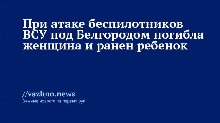 В результате атаки беспилотных летательных аппаратов (БПЛА) Вооруженных сил Украины (ВСУ) на Белгородскую область погибла женщина, также пострадал ребенок. Об этом 28 ноября сообщил губернатор Вячеслав Гладков.
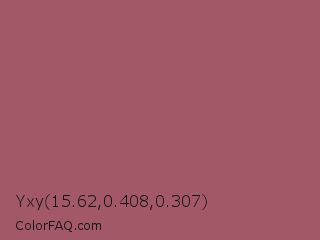 Yxy 15.62,0.408,0.307 Color is a normal red color and the nearest color is Deep Puce #a95c68. Hex code #a25866 and RGB value is rgb(162,88,102). In RGB color space, this color is composed of 64% red, 35% green, 40% blue, In CMYK color space, this color is composed of 0% cyan, 46% magenta, 37% yellow , 36% black , In HSL color space, this color has a hue angle of 349° , 30% saturation and 49% lightness.
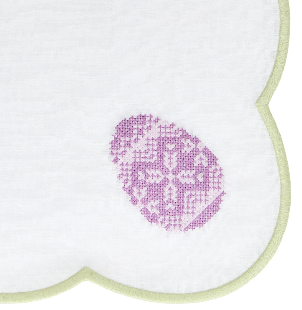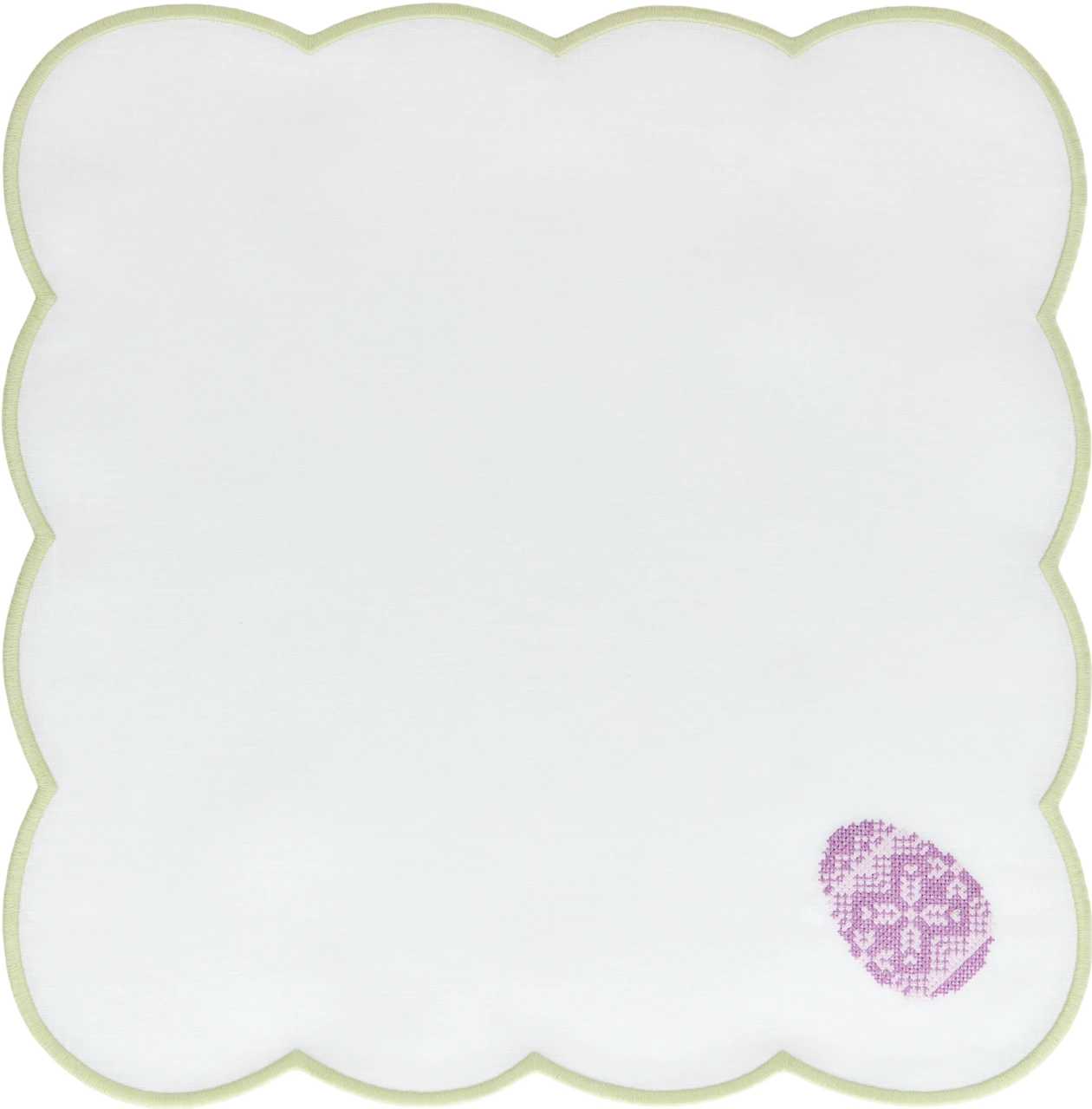 Салфетка сервировочная, 43х43, из 100% льна, с фигурной вышивкой по краю, с вышивкой нежно-фиолетового яйца внутри, коллекции «Пасхальная радуга» на вашем столе словно калейдоскоп весеннего настроения, сотканный из нежных оттенков. От лимонно-желтого, напоминающего о первом солнце, до небесно-голубого, как символ чистого неба.
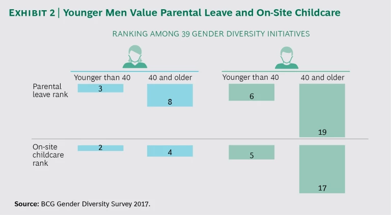 Finally, when we looked at the full list of 39 interventions and asked about the most important, we found that men under 40 were much closer to women in their ranking of the interventions overall than they were to older men. In two areas, men under 40 were the furthest from their older male colleagues: parental leave and on-site childcare. For both interventions, men under 40 rated these much higher than did older men (a difference of ten places in the rankings), and younger men were much more in line with the ratings of women of all ages. (See Exhibit 2.) Notably, fatherhood had little impact: the rankings of childless men younger than 40 were just as similar to women’s rankings as those of their male counterparts who had children.
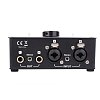 Оснащен комбо разъемами XLR/TRS и TRS.
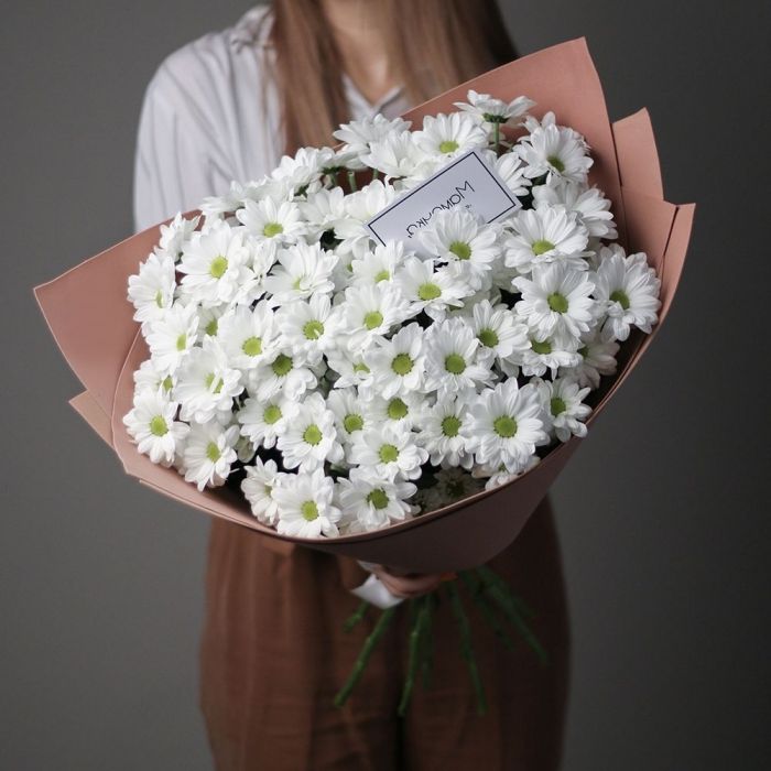 Крупные соцветия одноголовых хризантем раскрываются во всей полноте. Плотные лепестки образуют графичные круги, а сдержанная упаковка сохраняет чистоту формы.
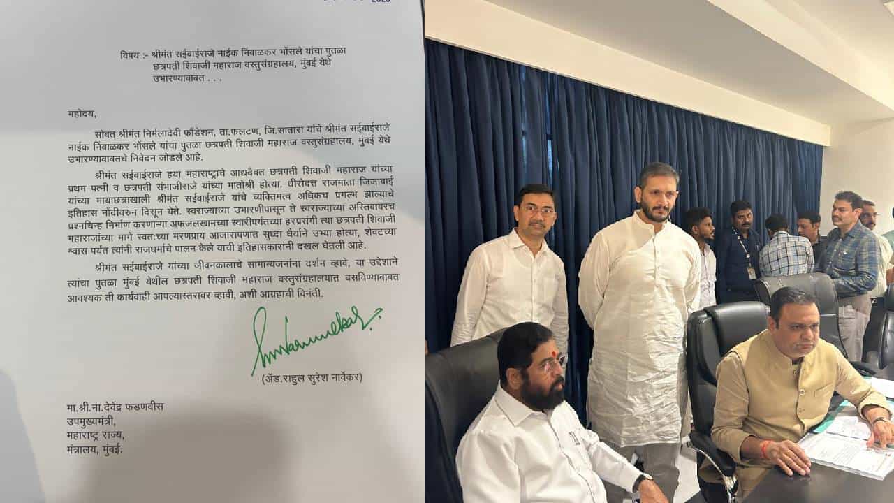 श्रीमंत सईबाईराजे यांच्या जीवनकालाचे सामान्यजनांना दर्शन व्हावे, या उद्देशाने त्यांचा पुतळा मुंबई येथील छत्रपती शिवाजी महाराज वस्तुसंग्रहालयात बसविण्याबाबत आवश्यक ती कार्यवाही आपल्यास्तरावर व्हावी, अशी आग्रहाची विनंती विधानसभा अध्यक्ष राहुल नार्वेकर यांनी मुख्यमंत्री एकनाथ शिंदे यांना केली आहे.
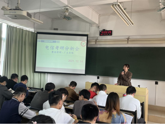 面对当前严峻的社会形势和就业压力,越来越多的同学考虑考研深造。为了帮助2019级大三的同学更好的规划自己的未来、解除疑惑、树立考研信心,电信学院考研协会于2021年12月14日下午在文新楼618举办了考研备考分析会。此次考研分析会邀请到了聚英教育/聚创考研的老师们,为同学们答疑解惑,讲解考研规划相关事宜,提供经验介绍与指导,2019级辅导员王沁芳和年级80多名学生参加。
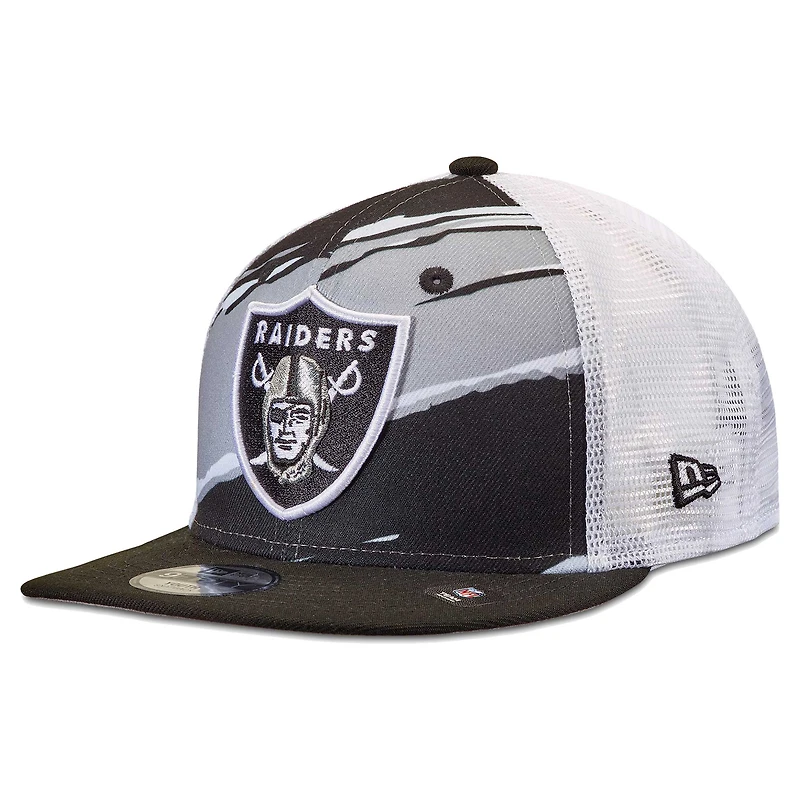 Add a striking spin to your child's Las Vegas Raiders outfits with this 9FIFTY Trucker hat from New Era. It features the Las Vegas Raiders logo in raised embroidery to showcase their unwavering fandom. The breathable mesh panels bring freshness to every wear while the snapback closure makes adjusting quick and easy.
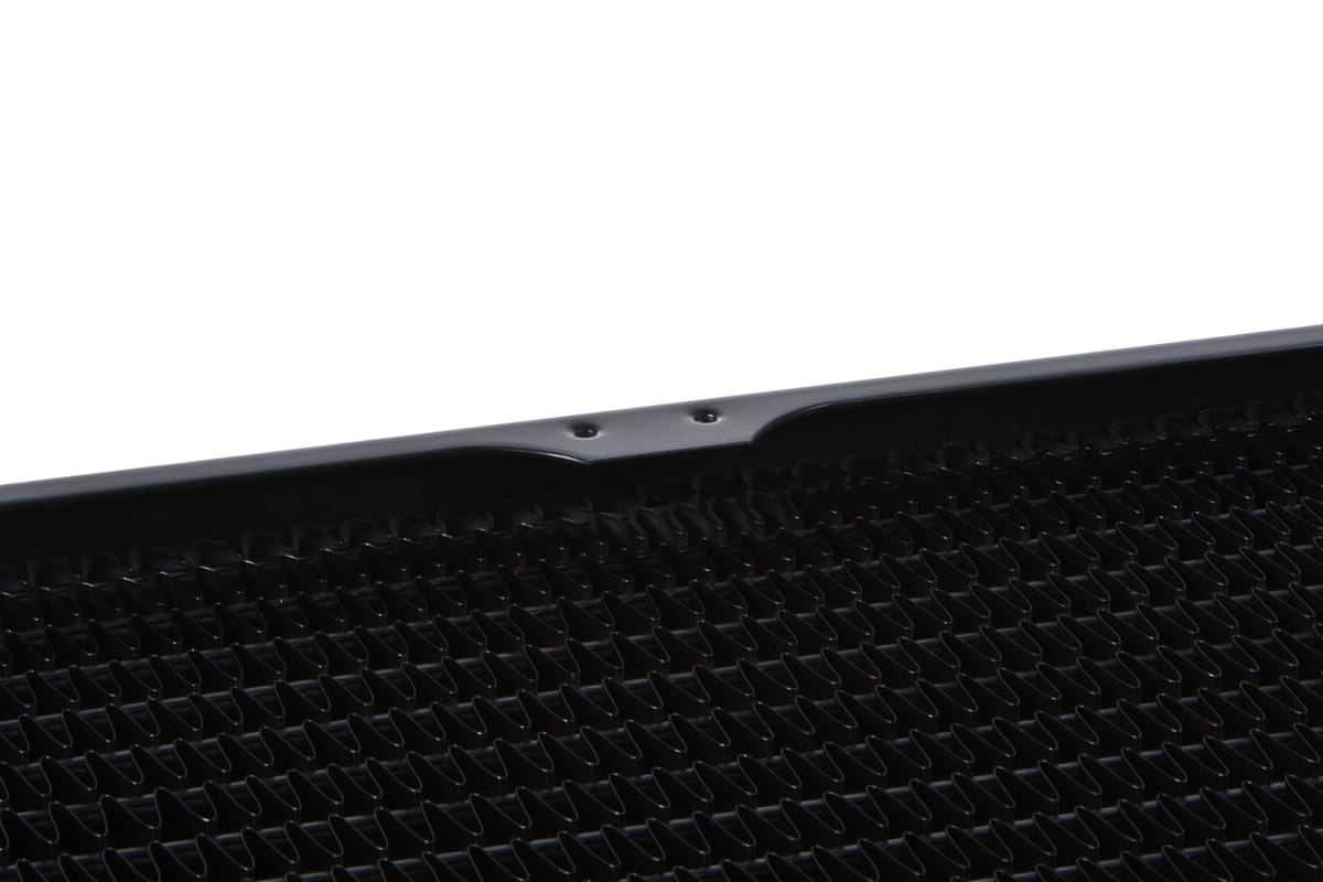 Um die Performance eines Radiators zu maximieren, greift Alphacool tief in die Trickkiste. Den Anfang macht Kupfer. Mit einer Wärmeleitfähigkeit von 400 W/(mK) bei Kupfer im Vergleich zu 236 W/(mK) bei Aluminium, steht der Sieger fest. Dazu kommt die spezielle Finnendichte. Alphacool ist eines der ältesten Unternehmen im Bereich Wasserkühlung und hat unzählige Labortests durchgeführt. Das Ergebnis, speziell für derart große Radiatoren, ist ein Finnenabstand von 12 FPI. Dadurch wird der Luftstrom relativ geringfügig behindert, da die Luft auch mit sehr geringem Druck durchgleiten kann. Dadurch ist der Radiator prädestiniert für Lüfter mit geringer Drehzahl. Die Kühlleistung leidet darunter aber nicht, im Gegenteil. Um den Luftstrom optimal zu nutzen, haben alle Kühlfinnen kleine Flaps. Hierbei handelt es sich um winzige Flügel, die den Luftstrom in die gewünschte Richtung leiten. Bei den Radiatoren sind diese kaum 1 mm hoch, sorgen aber dennoch für kontrollierte Luftverwirbelungen, um die Kühlleistung zu steigern und die Strömungsgeräusche zu minimieren.
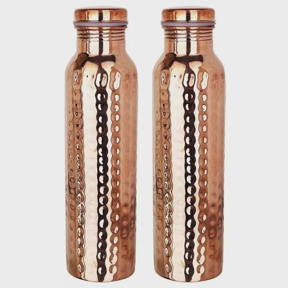 Lot de 2 bouteilles d'eau en cuivre pur pour les bienfaits de l'Ayu...
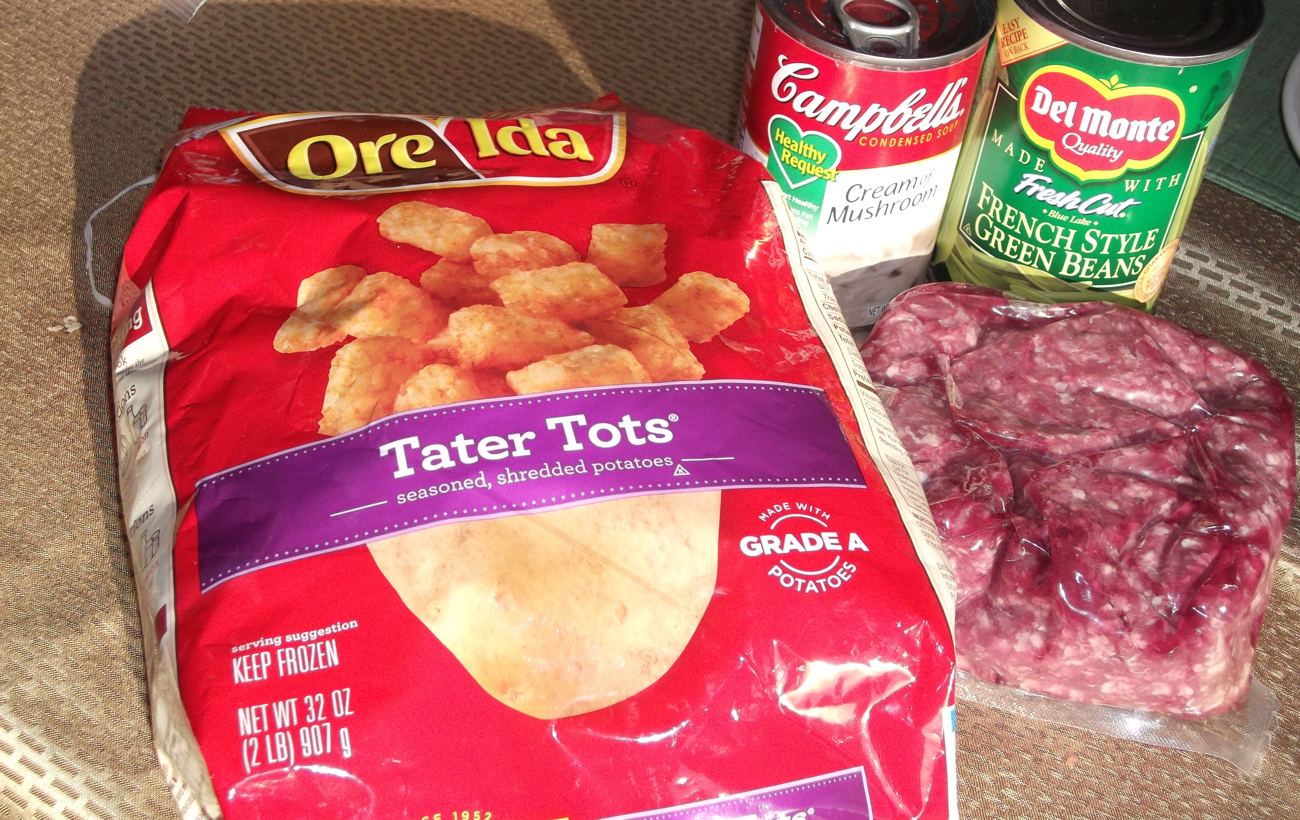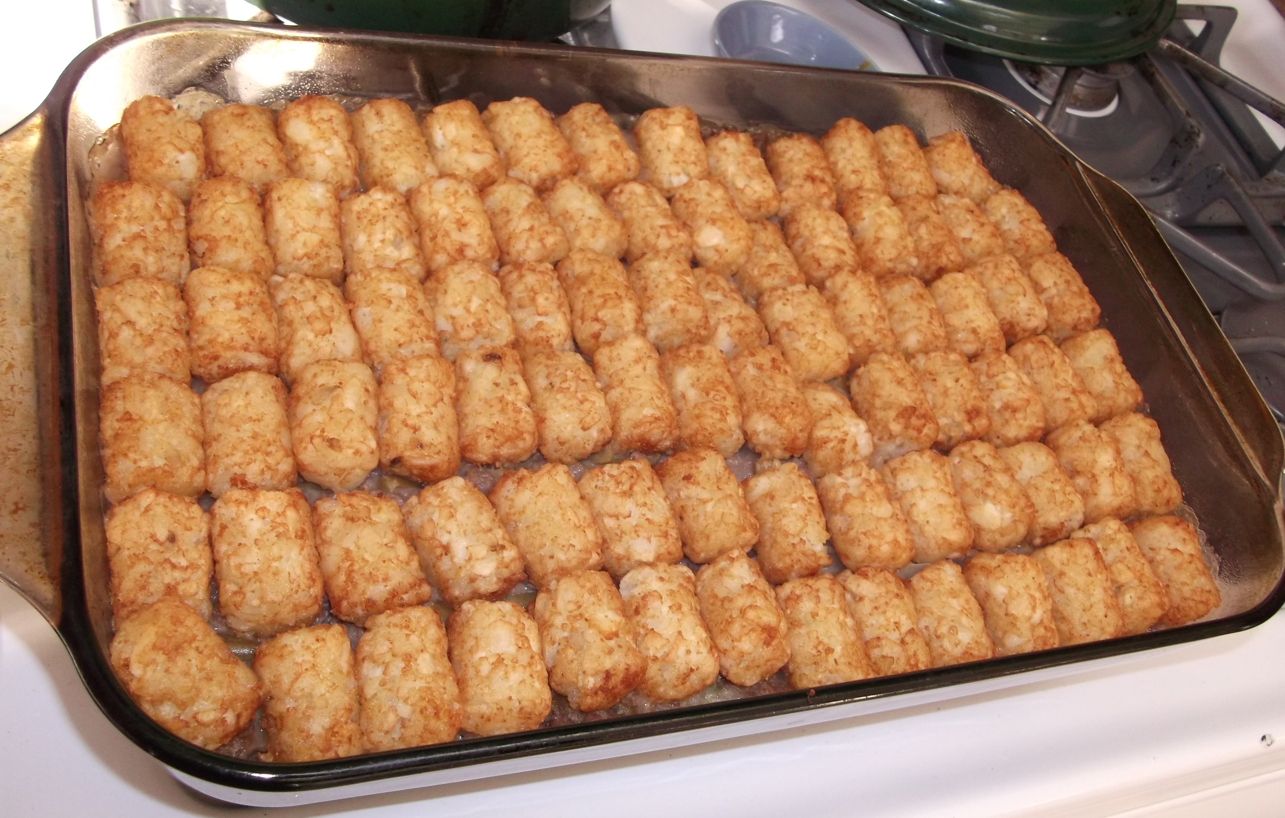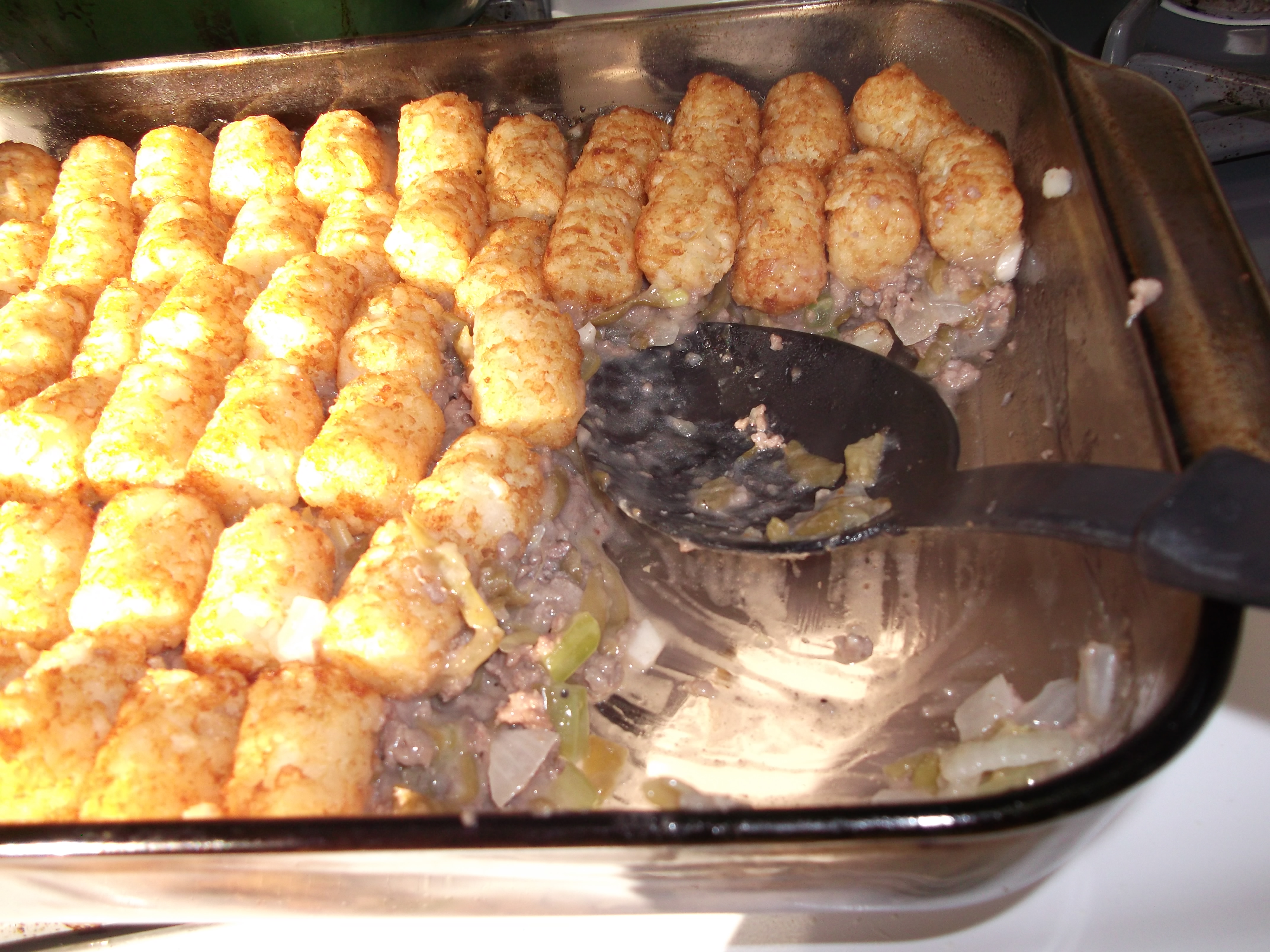 Spread evenly into a 9 x 13 baking dish and cover with a layer of tater tots. Bake uncovered at 350° F for 30-45 minutes or until bubbling. Allow to stand for 10-15 minutes before serving.

*What you should do*: Exact copy, pictures excluded: from the line with "Крупные соцветия одноголовых" up to and including the line with "Add a striking" in the data above.

*Result of this exercise*:
 Крупные соцветия одноголовых хризантем раскрываются во всей полноте. Плотные лепестки образуют графичные круги, а сдержанная упаковка сохраняет чистоту формы.
 श्रीमंत सईबाईराजे यांच्या जीवनकालाचे सामान्यजनांना दर्शन व्हावे, या उद्देशाने त्यांचा पुतळा मुंबई येथील छत्रपती शिवाजी महाराज वस्तुसंग्रहालयात बसविण्याबाबत आवश्यक ती कार्यवाही आपल्यास्तरावर व्हावी, अशी आग्रहाची विनंती विधानसभा अध्यक्ष राहुल नार्वेकर यांनी मुख्यमंत्री एकनाथ शिंदे यांना केली आहे.
 面对当前严峻的社会形势和就业压力,越来越多的同学考虑考研深造。为了帮助2019级大三的同学更好的规划自己的未来、解除疑惑、树立考研信心,电信学院考研协会于2021年12月14日下午在文新楼618举办了考研备考分析会。此次考研分析会邀请到了聚英教育/聚创考研的老师们,为同学们答疑解惑,讲解考研规划相关事宜,提供经验介绍与指导,2019级辅导员王沁芳和年级80多名学生参加。
 Add a striking spin to your child's Las Vegas Raiders outfits with this 9FIFTY Trucker hat from New Era. It features the Las Vegas Raiders logo in raised embroidery to showcase their unwavering fandom. The breathable mesh panels bring freshness to every wear while the snapback closure makes adjusting quick and easy.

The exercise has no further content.